Would you return the data exactly as given, except for its pictures?

**Data section**
Segment Open

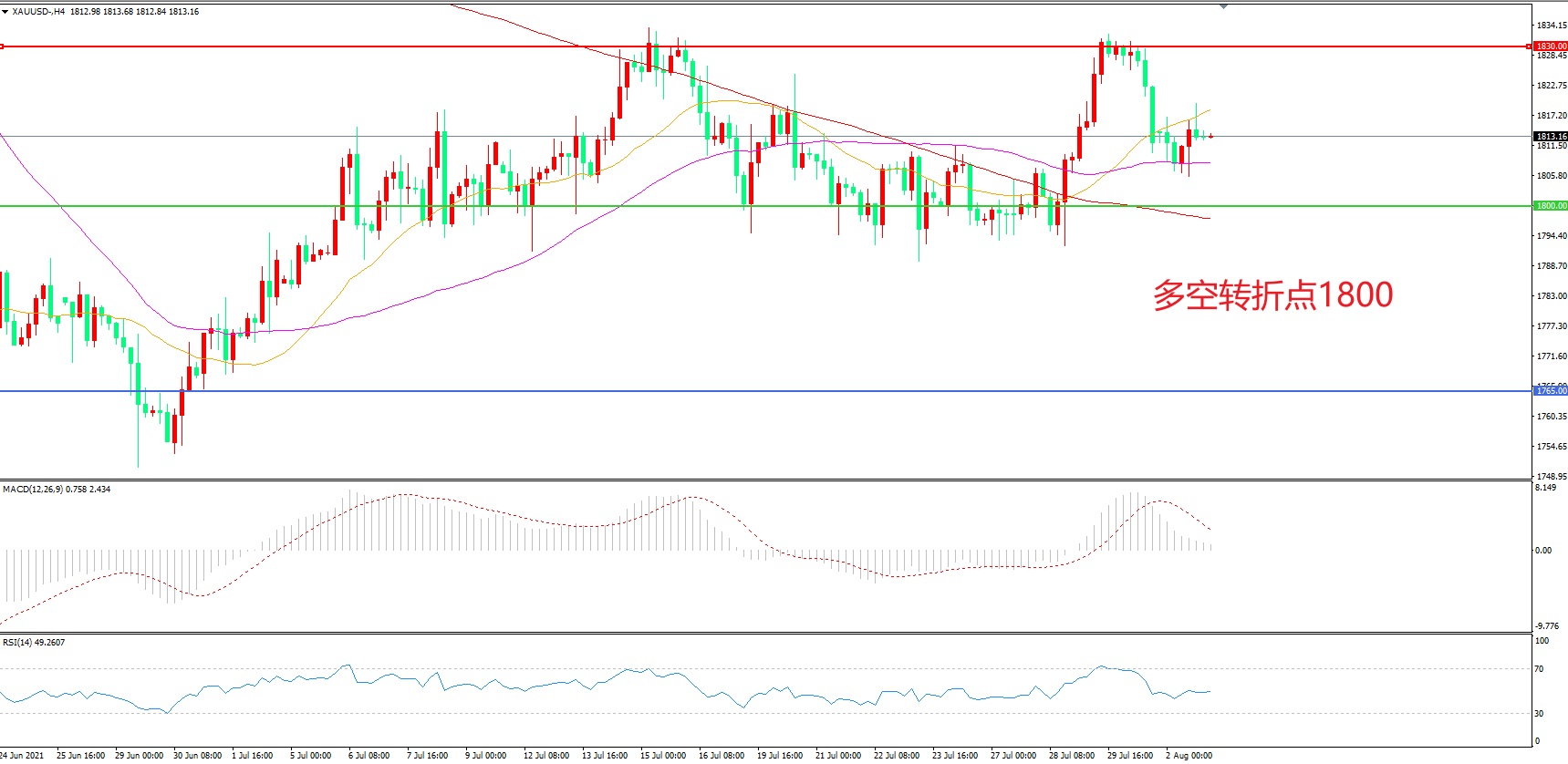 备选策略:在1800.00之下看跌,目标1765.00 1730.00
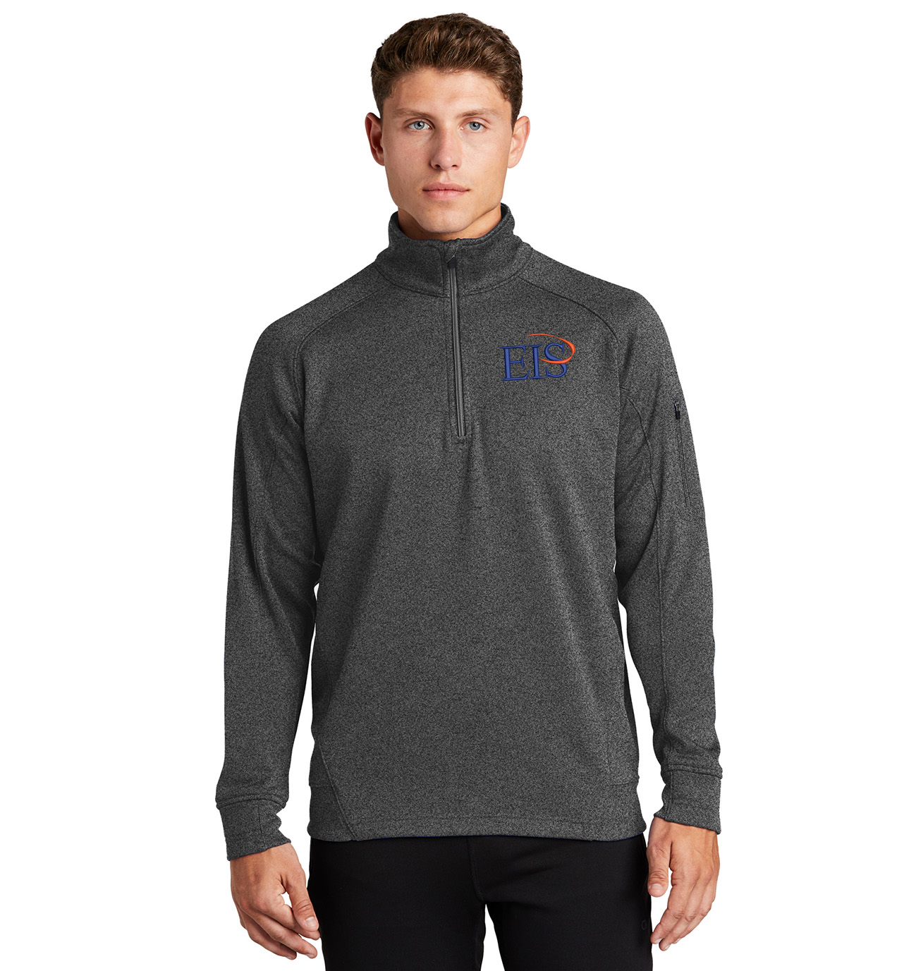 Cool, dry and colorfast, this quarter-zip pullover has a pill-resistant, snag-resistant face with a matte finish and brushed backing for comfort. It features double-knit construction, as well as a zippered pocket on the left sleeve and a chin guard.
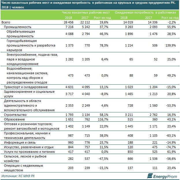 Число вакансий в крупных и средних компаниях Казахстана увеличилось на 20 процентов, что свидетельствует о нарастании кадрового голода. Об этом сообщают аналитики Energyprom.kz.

Segment Closed

**Result of the task**
 备选策略:在1800.00之下看跌,目标1765.00 1730.00
 Cool, dry and colorfast, this quarter-zip pullover has a pill-resistant, snag-resistant face with a matte finish and brushed backing for comfort. It features double-knit construction, as well as a zippered pocket on the left sleeve and a chin guard.
 Число вакансий в крупных и средних компаниях Казахстана увеличилось на 20 процентов, что свидетельствует о нарастании кадрового голода. Об этом сообщают аналитики Energyprom.kz.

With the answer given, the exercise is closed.